La peste à la place du choléra ! En l’écoutant, on mesure combien l’enfermement chez soi pour travailler, vanté comme un progrès émérite, bénéfique pour fluidifier les routes, protecteur de toute forme de contagion, prépare bien d’autres difficultés.

La disparition des moments informels, si précieux dans le monde du travail, où des affaires se règlent, où des liens se créent, où la tension se relâche, ont disparu ! Ce temps, fichu temps, compressé comme jamais, et déjà les signes de la surchauffe. Ceux qu’on a maintenu chez eux, cadres pour beaucoup, une large frange de la population moyenne, ou aisée, offrant des services, font une drôle d’expérience ou apparentée : en effet, c’est du taylorisme, cette fameuse façon de faire, au cœur de l’industrie, complètement déshumanisée, où le temps était de l’argent. L’optimisation des gestes comme des tâches, vantée par Taylor, sur les chaînes de production enfonça le clou de la  grande révolution industrielle : tout était compté, mesuré, pour que le travail de l’ouvrier, sa force, fussent rentabilisés au maximum. 







Dans pas mal de chaînes de montage et dans les entrepôts d’Amazon où tout est minuté pour récupérer un collier à gérer, on a évidemment rien inventé ; ça reprend de plus belle, c’est tout… ! Les gestionnaires de ces espaces de production et de traitement n’ont fait que perpétuer les contraintes de la rentabilité : le taylorisme est toujours là, mais désormais, pour certains, il s’impose d’une autre manière, à domicile. Le corps et la force de travail y sont bien moins précieux : c’est l’esprit qui compte. Les douleurs se sont déjà manifestées, et après deux mois à travailler ainsi, ce sont les douleurs de dos qui ont commencé à apparaître. Cet homme qui me parle de la charge mentale est loin d’être le seul, même si, à l’inverse, il y a ceux qui, en télétravail, n’ont rien à faire, et leur inutilité du passé, resurgit et se ressent démesurément : c’est un autre problème.  A., travaillant aussi pour une entreprise au gros budget, s’efforce de tenir la cadence : « L’autre jour, après trois réunions enchaînées, sans pause, un collègue s’est permis une petite remarque : je m’excuse quelques secondes je vais faire un petit pipi ! ».
Pour ces nouveaux forçats de l’écran, une logique s’impose, et les rend actuellement corvéables : « on va pas se plaindre. On a encore du travail. Il faut bien se serrer les coudes pour que l’entreprise tienne le choc… », voici le leitmotiv de base. Et surtout, comme A. l’ajoute : « on a eu l’impression qu’en nous faisant travailler chez nous, on nous faisait une fleur… ! ».

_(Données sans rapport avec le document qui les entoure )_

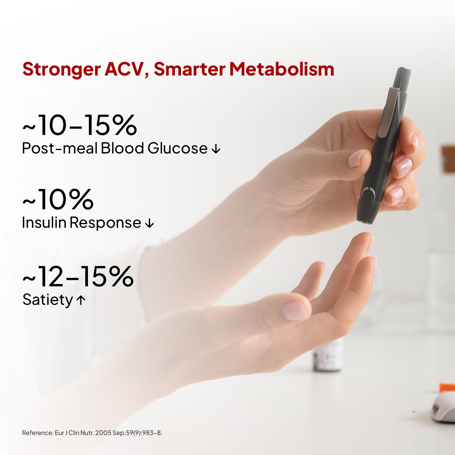 Rich in acetic acid, ACV helps improve insulin sensitivity, reduce post-meal blood sugar spikes, and support fat metabolism by activating metabolic pathways like AMPK, making it useful for weight and glucose management.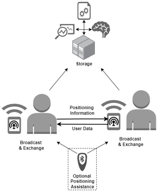 According to the provided definition, a Transactional Area Network should promote simplified, decentralized indoor positioning operations, enabling end-users to benefit from its capabilities. Each exchange of positioning information or other data between two users is considered a ‘transaction’. Thus, every time a user successfully sends and receives information within the network, a transaction occurs. Each instance of new information exchange counts as a new transaction. The minimization of additional hardware is important, since it will encourage broader adoption of the concept. While TAN can include additional devices (such as Bluetooth beacons—see Figure 1 and Figure 2), the network should primarily consist of users with their personal devices. As the adoption of TAN raises, the data generation will inevitably increase as well. Therefore, TAN must also transmit this data to an external database, located outside the network.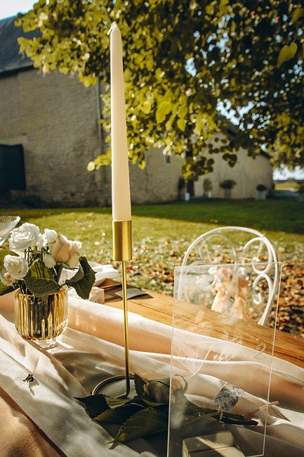 Le doré capte délicatement la lueur de la bougie et apporte une touche chaleureuse, sans surcharger la décoration.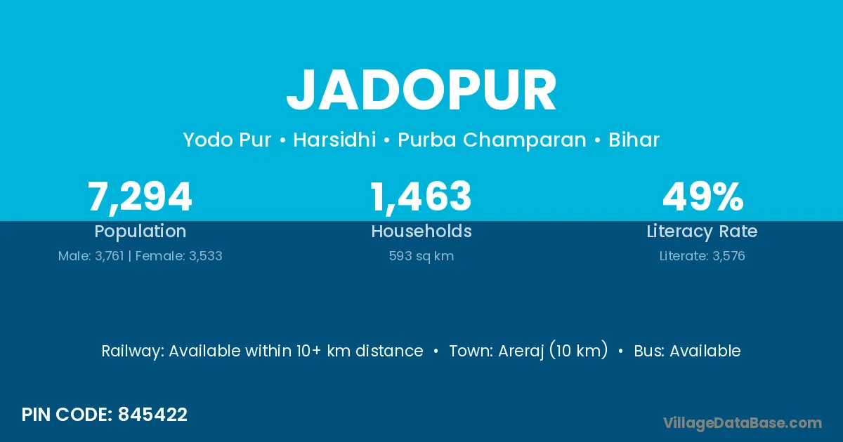 According to Census 2011 information, the village code of Jadopur village is 845422.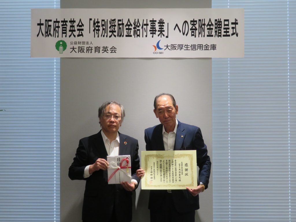今般、昨年に引き続き、大阪厚生信用金庫様より、本事業の趣旨にご賛同いただくとともに、多額のご寄附をいただき、同金庫様のご厚意に対し、当会中野理事長より感謝状を贈呈いたしました。

La valence morale garantit à ce nouveau système tout son asservissement. Les employés travaillent plus, selon les dernières statistiques, la rentabilité s’est faite sentir, à la hausse, et ces efforts ressemblent plus à un sacrifice. Mais il y aura une limite, au moins celle du psychisme. Toute entreprise sait pertinemment qu’elle ne peut pas épuiser ses salariés : les contraintes d’aujourd’hui s’exercent non pas sur les corps mais dans les esprits : on se sent sujet de sa tâche et garant, à ce titre, d’une certaine responsabilité. Avec la charge mentale, c’est comme si on supposait que le cerveau du XXIème, dans cette spirale de contraintes, allait finir par développer de nouvelles capacités puisque, soi-disant, selon certains scientifiques, nous n’utilisons qu’une infime partie de notre cerveau. On en connaît les limites mais à ce jour, rares sont les entreprises qui sont prêtes à poser des limites horaires, des conditions encadrées pour éviter le surmenage : l’État, par ses dispositions et directives sanitaires, est en partie responsable de ce glissement et doit donc, au plus vite, légiférer, à mon sens, sur ses conditions de travail pour que tout cela ne ressemble pas à des chaînes de production, qui casseraient des hommes, comme par le passé.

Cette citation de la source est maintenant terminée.